Decision of the Supreme Court (dismissal):
• EVIDENCE
An appeal sent by recorded delivery with acknowledgement of receipt, which does not contain an annex or attached document, does not establish that the documents and exhibits produced before the Supreme Court to justify the diploma or professional experience were sent or communicated to the Minister of State at the time of the application for authorisation to practise or the appeal.
The applicant's curriculum vitae (CV), the only element that the Minister of State was shown to have had in order to make his decision, "is a set of indications relating to a person's civil status, abilities and past activities; insofar as it indicates, it does not prove".

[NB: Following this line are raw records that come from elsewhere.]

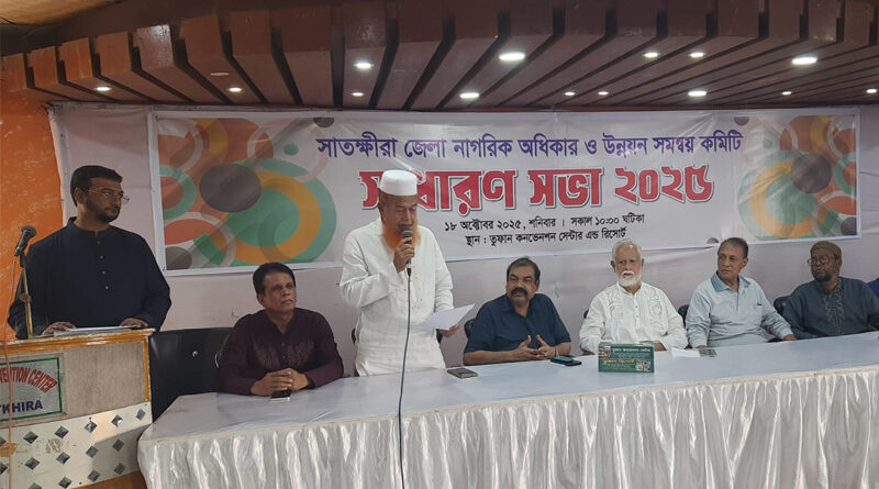 স্টাফ রিপোর্টার: সাতক্ষীরা জেলা নাগরিক অধিকার ও উন্নয়ন সমন্বয় কমিটির সাধারণ সভা-২০২৫ অনুষ্ঠিত হয়েছে।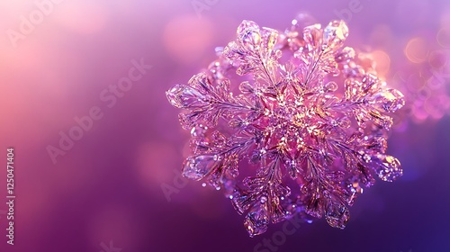 © Ali, Naklejka premium A delicate snowflake with sparkling edges on a twilight purple background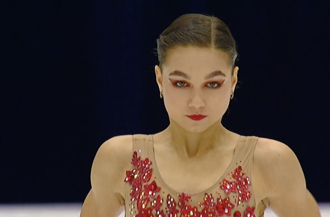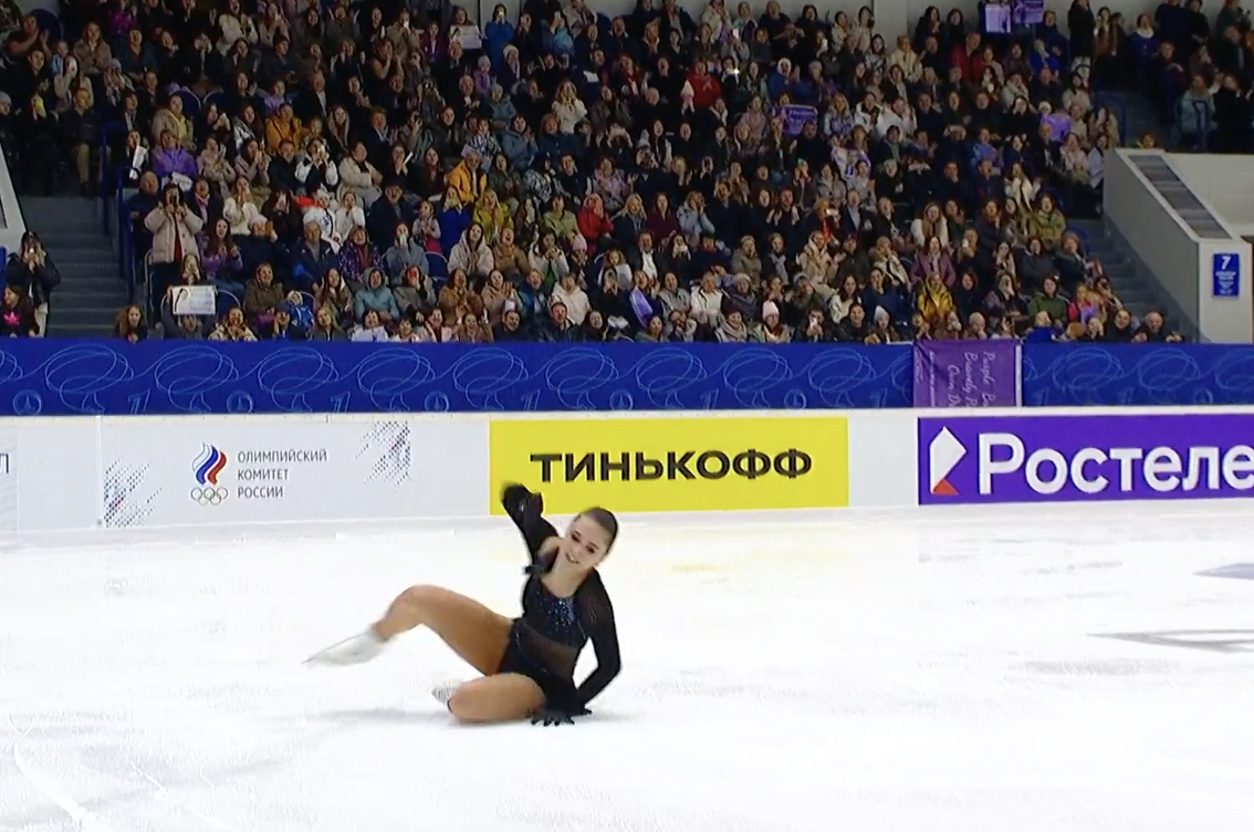 Стоит отметить, что, несмотря на травму, в концовке она смогла более-менее исполнить тройной лутц и двойной аксель.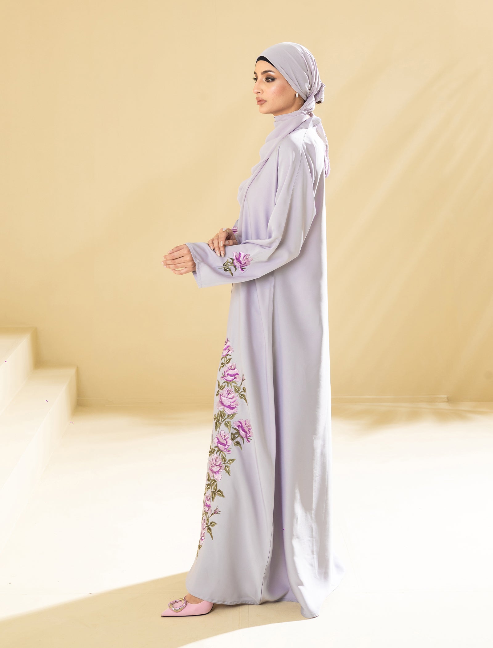 Celebrate every occasion in style with the Lavender Whisper. This light lilac masterpiece is adorned with delicate floral embroidery, offering a perfect blend of modesty and elegance. The front open, button-down design ensures versatility, making it a standout piece in your wardrobe.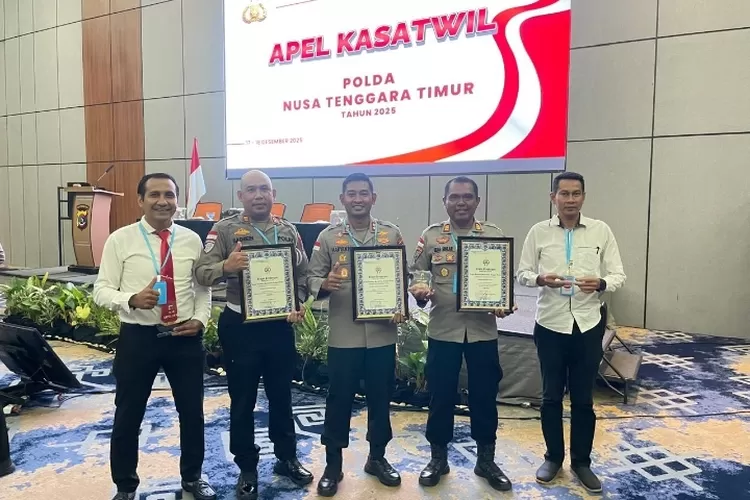 FAJAR FLORES – Kepolisian Daerah Nusa Tenggara Timur (Polda NTT) memberikan apresiasi khusus kepada Polres Manggarai Timur atas kinerja dan dedikasi selama tahun 2025. Penghargaan tersebut diserahkan langsung oleh Kapolda NTT, Irjen Pol Dr. Rudi Darmoko, S.I.K., M.Si., pada kegiatan Apel Kepala Satuan Wilayah (Kasatwil) Polda NTT Tahun 2025 yang berlangsung di Hotel Harper, Kota Kupang, Rabu (17/12/2025).

Thus, the insufficiently convincing nature of the supporting documents produced could be legally invoked as grounds for rejecting the application for authorisation, without having to first ask the applicant to provide other documents.
• SUBSTITUTION OF GROUNDS
The substitution of the reason for refusal in the decision rejecting the informal appeal has the effect of withdrawing the first decision insofar as it was based on an erroneous reason.
The reason given in the first decision for the failure to produce a professional passbook was erroneous, since Article 25 of Sovereign Order no. 1.720 does not require the manager of a chauffeur-driven car hire company to have a professional passbook.
As a result of the withdrawal, the appeal against the first refusal decision became devoid of purpose.
• APPLICATION FOR INJUNCTION TO THE MINISTER OF STATE
The Supreme Court does not recognise its power to issue injunctions to the administration.
Hence the inadmissibility of the submissions seeking injunctions.